**WORK INSTRUCTIONS**
Transcribe the data that follows without changing a word, and omit the pictures.

**EXERCISE DATA**
━━━━━━━━━━
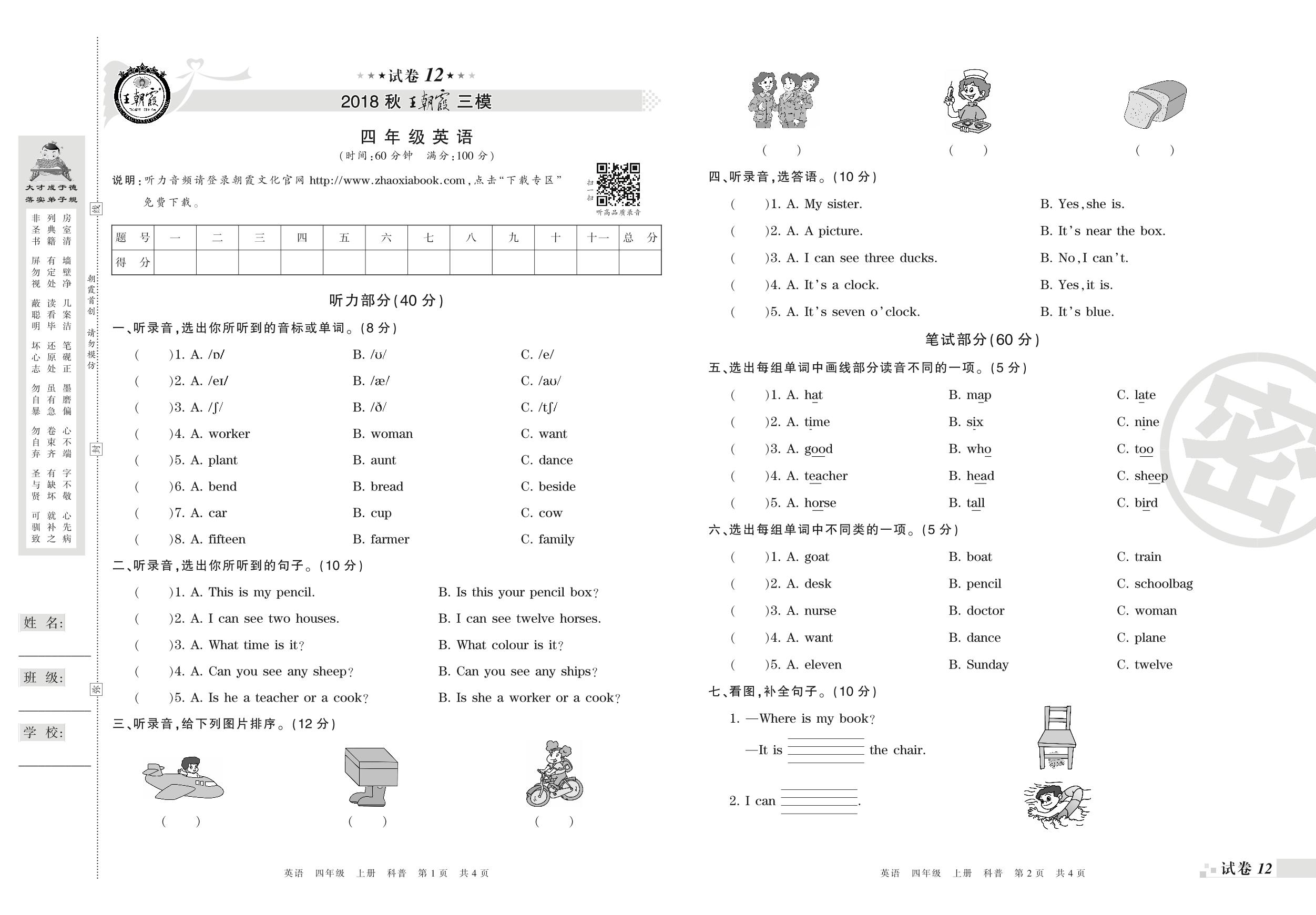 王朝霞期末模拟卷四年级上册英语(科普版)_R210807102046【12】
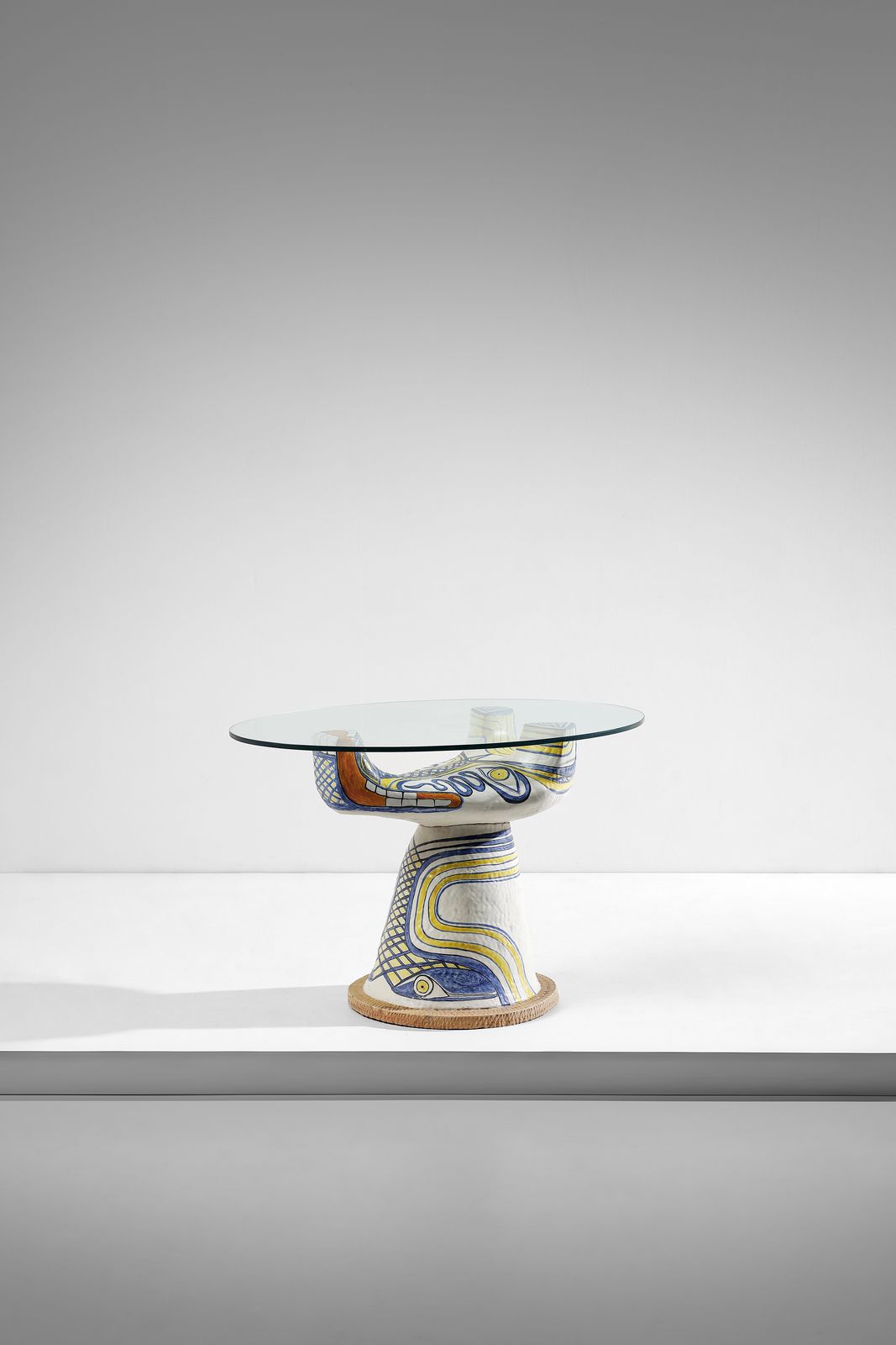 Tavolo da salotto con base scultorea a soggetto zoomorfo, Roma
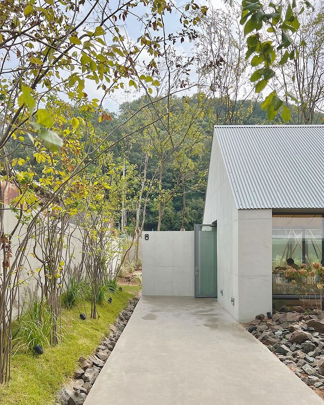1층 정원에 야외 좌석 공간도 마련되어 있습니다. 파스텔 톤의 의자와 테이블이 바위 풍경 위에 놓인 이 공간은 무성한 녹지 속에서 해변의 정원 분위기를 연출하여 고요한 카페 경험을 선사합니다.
━━━━━━━━━━
**FINAL ANSWER**
 王朝霞期末模拟卷四年级上册英语(科普版)_R210807102046【12】
 Tavolo da salotto con base scultorea a soggetto zoomorfo, Roma
1층 정원에 야외 좌석 공간도 마련되어 있습니다. 파스텔 톤의 의자와 테이블이 바위 풍경 위에 놓인 이 공간은 무성한 녹지 속에서 해변의 정원 분위기를 연출하여 고요한 카페 경험을 선사합니다.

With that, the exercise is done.